Given information:
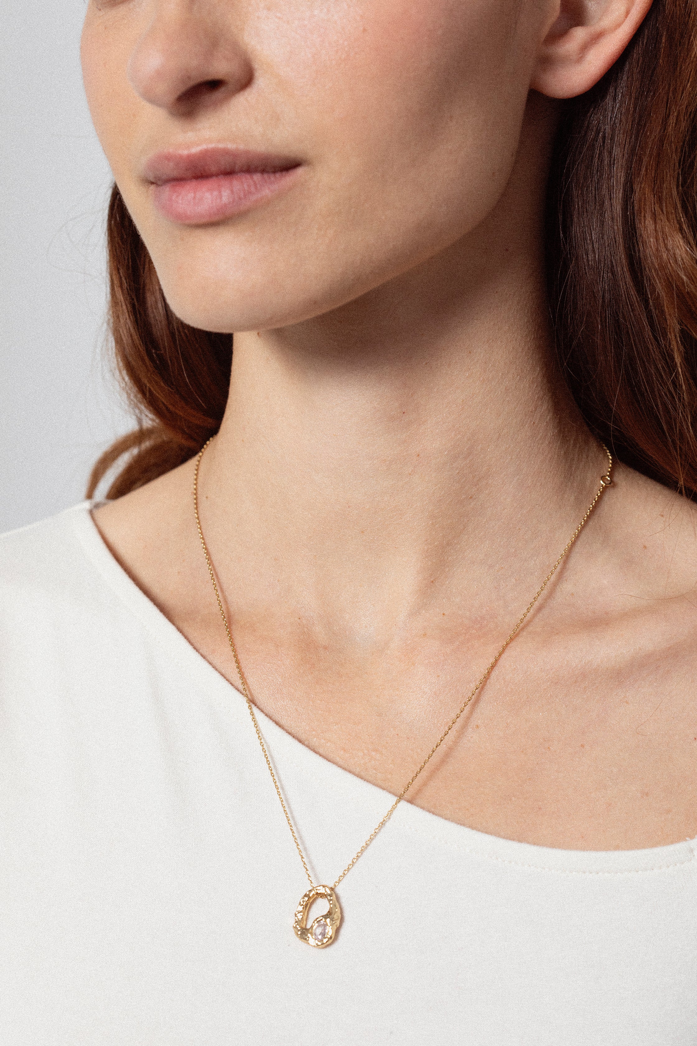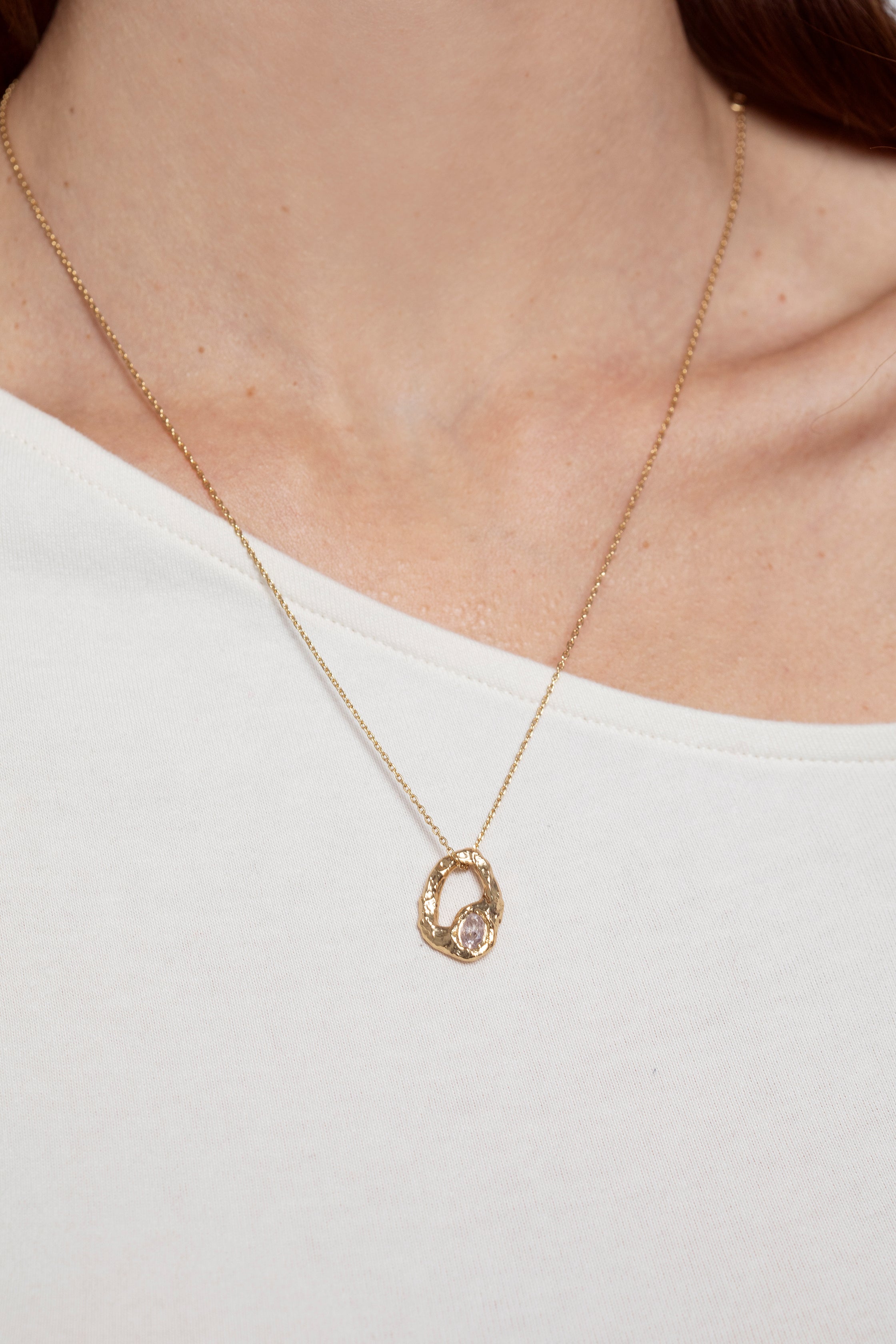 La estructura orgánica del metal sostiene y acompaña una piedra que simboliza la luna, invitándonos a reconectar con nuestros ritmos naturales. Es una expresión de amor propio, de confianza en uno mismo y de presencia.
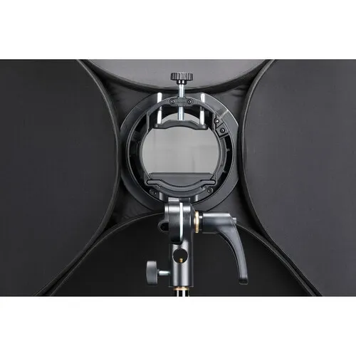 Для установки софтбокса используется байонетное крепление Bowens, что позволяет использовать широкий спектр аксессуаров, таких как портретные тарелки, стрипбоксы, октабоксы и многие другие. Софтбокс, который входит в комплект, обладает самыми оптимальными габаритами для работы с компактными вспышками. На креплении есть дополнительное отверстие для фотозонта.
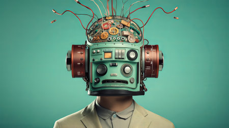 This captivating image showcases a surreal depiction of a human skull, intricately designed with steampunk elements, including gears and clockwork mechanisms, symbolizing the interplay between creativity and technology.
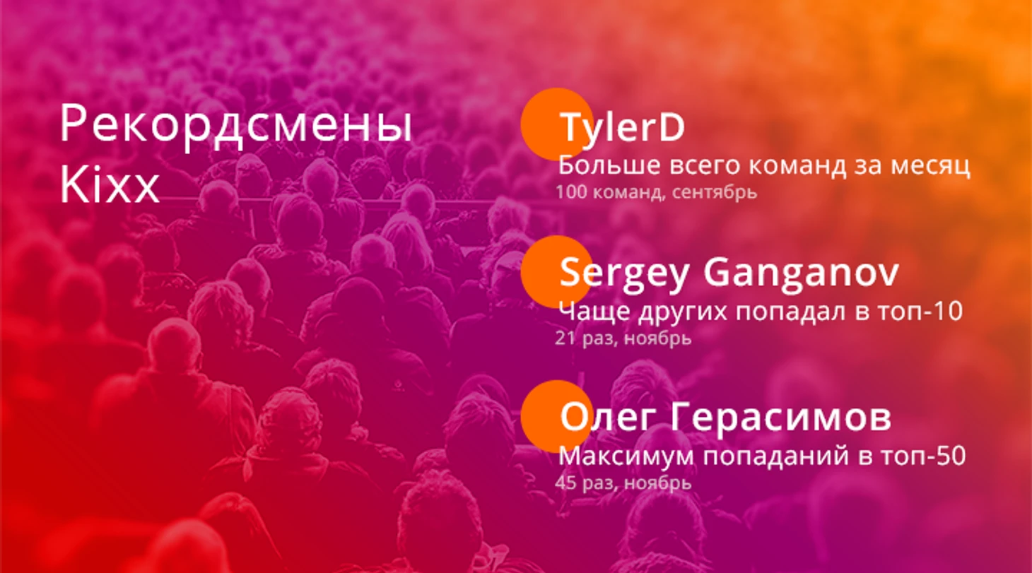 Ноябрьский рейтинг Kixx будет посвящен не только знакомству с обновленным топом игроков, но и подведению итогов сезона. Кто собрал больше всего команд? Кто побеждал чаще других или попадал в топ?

Prompt:
Output only the lines running from the top of the data above to the line with "Для установки софтбокса", inclusive, word for word and without pictures.

Exercise solution:
 La estructura orgánica del metal sostiene y acompaña una piedra que simboliza la luna, invitándonos a reconectar con nuestros ritmos naturales. Es una expresión de amor propio, de confianza en uno mismo y de presencia.
 Для установки софтбокса используется байонетное крепление Bowens, что позволяет использовать широкий спектр аксессуаров, таких как портретные тарелки, стрипбоксы, октабоксы и многие другие. Софтбокс, который входит в комплект, обладает самыми оптимальными габаритами для работы с компактными вспышками. На креплении есть дополнительное отверстие для фотозонта.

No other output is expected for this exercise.